+++ DATA TO EXAMINE
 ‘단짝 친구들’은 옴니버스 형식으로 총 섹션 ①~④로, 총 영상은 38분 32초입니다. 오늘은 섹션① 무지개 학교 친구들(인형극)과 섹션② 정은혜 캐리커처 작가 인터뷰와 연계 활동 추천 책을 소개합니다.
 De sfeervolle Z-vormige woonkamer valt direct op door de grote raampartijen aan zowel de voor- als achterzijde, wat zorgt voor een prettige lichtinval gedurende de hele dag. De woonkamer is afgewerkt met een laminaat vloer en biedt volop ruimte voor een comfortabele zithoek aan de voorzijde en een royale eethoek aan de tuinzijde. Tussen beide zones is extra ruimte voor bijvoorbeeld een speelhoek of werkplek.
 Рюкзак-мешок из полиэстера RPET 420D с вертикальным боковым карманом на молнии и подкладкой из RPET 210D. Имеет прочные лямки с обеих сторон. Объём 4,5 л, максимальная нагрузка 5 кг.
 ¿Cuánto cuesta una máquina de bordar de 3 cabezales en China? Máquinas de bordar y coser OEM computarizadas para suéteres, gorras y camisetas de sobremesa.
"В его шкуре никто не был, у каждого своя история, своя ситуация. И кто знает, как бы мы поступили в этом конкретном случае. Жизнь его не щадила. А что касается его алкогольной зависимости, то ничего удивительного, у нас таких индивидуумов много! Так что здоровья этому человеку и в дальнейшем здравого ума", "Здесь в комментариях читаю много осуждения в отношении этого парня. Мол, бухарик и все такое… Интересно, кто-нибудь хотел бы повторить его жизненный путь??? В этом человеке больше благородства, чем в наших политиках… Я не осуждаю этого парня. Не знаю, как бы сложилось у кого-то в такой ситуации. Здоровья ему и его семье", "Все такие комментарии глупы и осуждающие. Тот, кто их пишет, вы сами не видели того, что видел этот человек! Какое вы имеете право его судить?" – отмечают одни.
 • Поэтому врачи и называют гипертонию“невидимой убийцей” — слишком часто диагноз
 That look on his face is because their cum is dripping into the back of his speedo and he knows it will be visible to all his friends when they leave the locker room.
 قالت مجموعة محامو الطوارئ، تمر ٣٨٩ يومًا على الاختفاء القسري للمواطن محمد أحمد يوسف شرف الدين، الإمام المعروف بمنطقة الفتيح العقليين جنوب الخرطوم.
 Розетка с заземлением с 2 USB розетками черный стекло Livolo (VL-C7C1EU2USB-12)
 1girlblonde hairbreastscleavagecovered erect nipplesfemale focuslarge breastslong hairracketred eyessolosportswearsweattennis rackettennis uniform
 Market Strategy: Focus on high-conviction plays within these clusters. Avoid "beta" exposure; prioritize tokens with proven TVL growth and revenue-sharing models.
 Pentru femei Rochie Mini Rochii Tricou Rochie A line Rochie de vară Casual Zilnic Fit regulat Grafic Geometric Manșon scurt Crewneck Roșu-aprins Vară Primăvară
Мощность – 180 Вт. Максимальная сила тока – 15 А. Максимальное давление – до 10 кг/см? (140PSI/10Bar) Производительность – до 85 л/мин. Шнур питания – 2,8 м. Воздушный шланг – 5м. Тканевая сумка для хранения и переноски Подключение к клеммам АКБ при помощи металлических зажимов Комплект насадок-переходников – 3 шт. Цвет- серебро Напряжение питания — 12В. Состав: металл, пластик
++++++
TASK DETAILS →
Retype the lines above without alteration. The first is the one containing "Розетка с заземлением", and the last is the final line of the data.

ANSWER BOX →
 Розетка с заземлением с 2 USB розетками черный стекло Livolo (VL-C7C1EU2USB-12)
 1girlblonde hairbreastscleavagecovered erect nipplesfemale focuslarge breastslong hairracketred eyessolosportswearsweattennis rackettennis uniform
 Market Strategy: Focus on high-conviction plays within these clusters. Avoid "beta" exposure; prioritize tokens with proven TVL growth and revenue-sharing models.
 Pentru femei Rochie Mini Rochii Tricou Rochie A line Rochie de vară Casual Zilnic Fit regulat Grafic Geometric Manșon scurt Crewneck Roșu-aprins Vară Primăvară
Мощность – 180 Вт. Максимальная сила тока – 15 А. Максимальное давление – до 10 кг/см? (140PSI/10Bar) Производительность – до 85 л/мин. Шнур питания – 2,8 м. Воздушный шланг – 5м. Тканевая сумка для хранения и переноски Подключение к клеммам АКБ при помощи металлических зажимов Комплект насадок-переходников – 3 шт. Цвет- серебро Напряжение питания — 12В. Состав: металл, пластик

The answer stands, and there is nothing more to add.